SpaceX aces 60th orbital launch of 2022

SpaceX aces 60th orbital launch of 2022

SpaceX has completed its 60th orbital launch of 2022, marking the first time the company has fully hit a public target set by one of its executives.

By any measure possible, 2022 has been a groundbreaking year for SpaceX, even when considering the long list of accomplishments it has accumulated over the past half-decade. It owns and operates the largest satellite constellation in history by an order of magnitude. Its Starlink satellite Internet service has secured more than a million subscribers less than two years after entering beta. It operates the only reusable orbital-class rockets and orbital spacecraft currently in service. Its workhorse Falcon 9 has launched more in a year than any other single rocket in history. It is being launched regularly at a rate that has not been sustained by any country – let alone a single company – in 40 years. It is managing that near-historic cadence while simultaneously recovering and reusing the boosters and fairings that represent about 70% of the value of nearly every missile it launches.
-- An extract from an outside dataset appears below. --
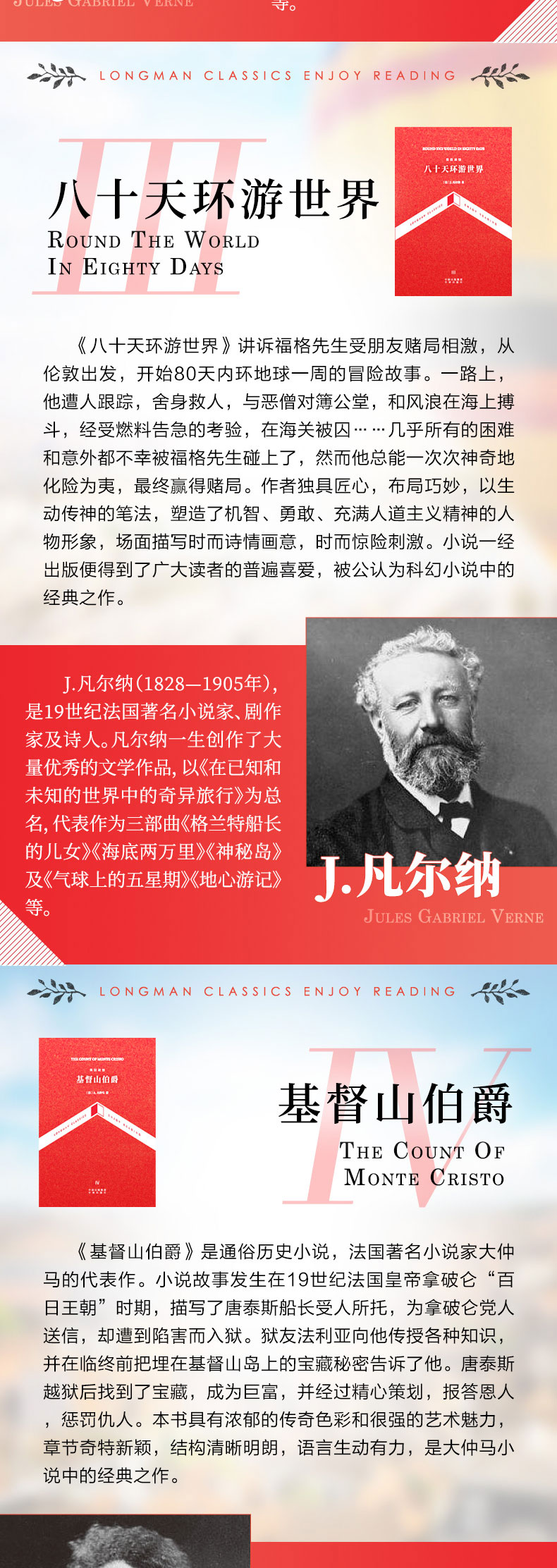 D.笛福(1660—1731年),出生于英国伦敦,英国启蒙时期现实主义丰富小说的奠基人,被誉为欧洲的“小说之父”。/J.凡尔纳(1828—1905年),是19世纪法国著 名小说家、剧作家及诗人。凡尔纳一生创作了大量优 秀的文学作品,以《在已知和未知的世界中的奇异旅行》为总名,代表作为三部曲《格兰特船长的儿女》《海底两万里》《神秘岛》及《气球上的五星期》《地心游记》等。/A.大仲马(1802—1870年),法国19世纪浪漫主义作家,代表作有《亨利第三及其宫廷》《基督山伯爵》《三个火枪手》等。大仲马小说大都以真实的历史作背景,情节曲折生动,往往出人意料,有历史惊险小说之称。结构清晰明朗,语言生动有......

And now, SpaceX can also proudly point out that it was able to hit a launch cadence target that seemed too ambitious when CEO Elon Musk first shared it nine months ago.

The SpaceX Falcon team 🚀 is making great progress – aiming for 60 launches this year!
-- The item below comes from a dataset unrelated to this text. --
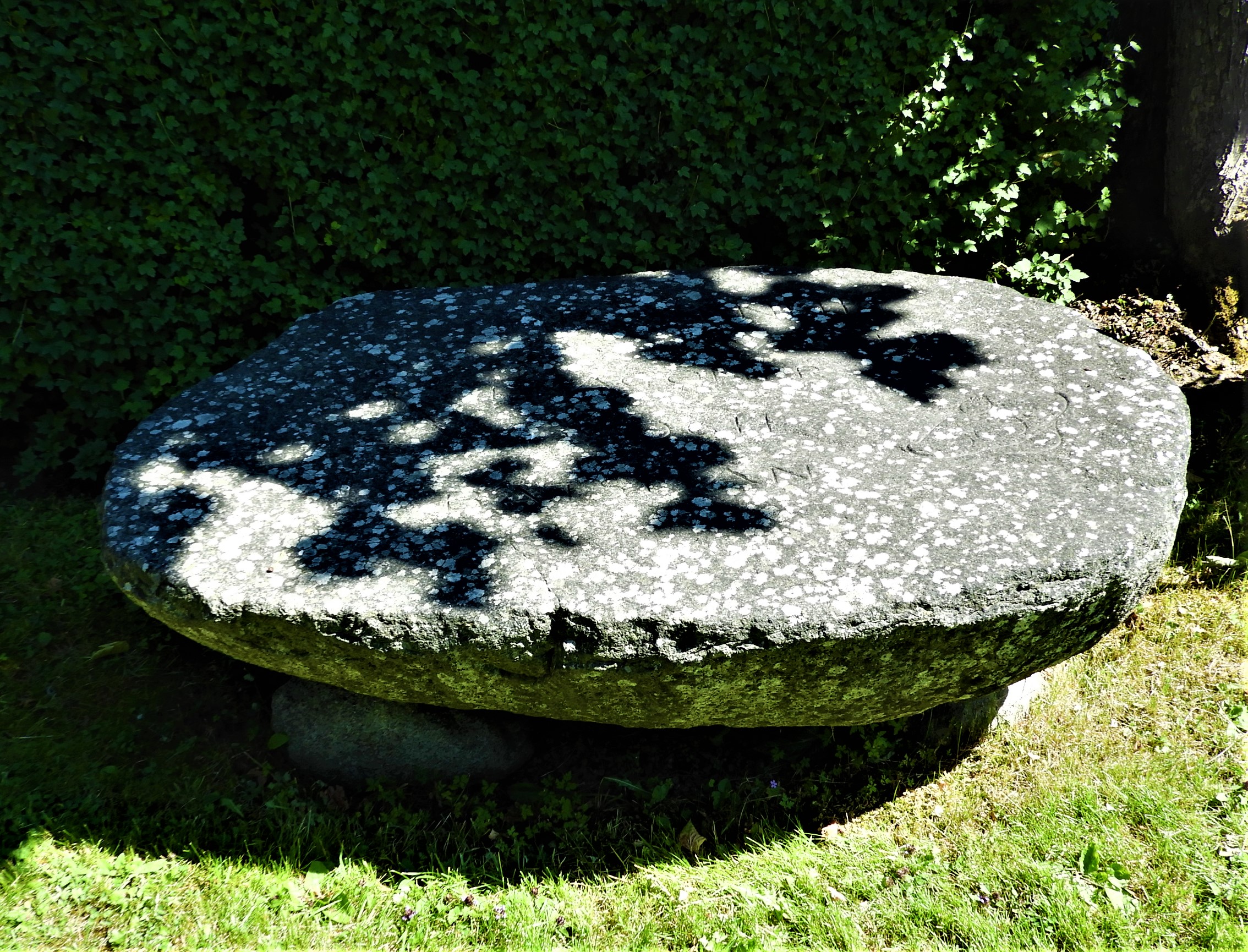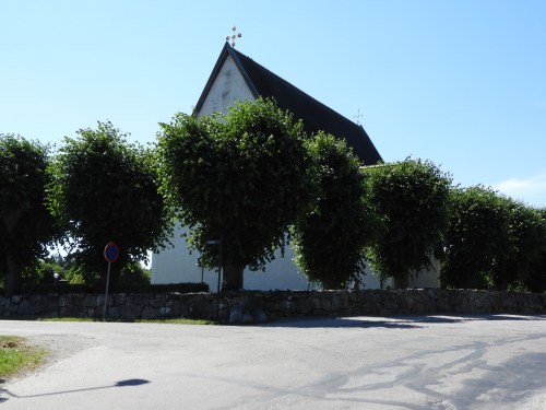 Mona tog mig med, vi var lite tidiga och gick först runt på kyrkogården som kantades på alla sidor av urgamla lindar, alla av ungefär samma tjocklek, säkert flerhundraåriga. Monas ögon hittade stenar utöver de vanliga

— Elon Musk (@elonmusk) March 28, 2022

Exactly nine months later, SpaceX has just completed its 60th launch of 2022. 69 days after its last orbital-class launch, the Falcon 9 booster lifted off for the 11th time with a somewhat mysterious array of 54 satellites Starlink. Just under nine minutes after liftoff, B1062 touched down 660 kilometers (410 mi) on a SpaceX A Shortfall Of Gravitas (ASOG) drone ship. Seconds earlier, the Falcon 9’s spent upper stage reached orbit, shut down its single Merlin vacuum engine, and began to slowly rotate downward.

Nineteen minutes after liftoff, the stack of 54 Starlink satellites instantly launched, slowly spreading like a shuffled deck of cards. Over the coming hours, days, and weeks, those satellites will naturally deploy, deploy solar arrays, stabilize their attitudes, test their payloads, and begin climbing toward an operational orbit somewhere between 480 and 580 kilometers (300-360 mi) above the Earth’s surface.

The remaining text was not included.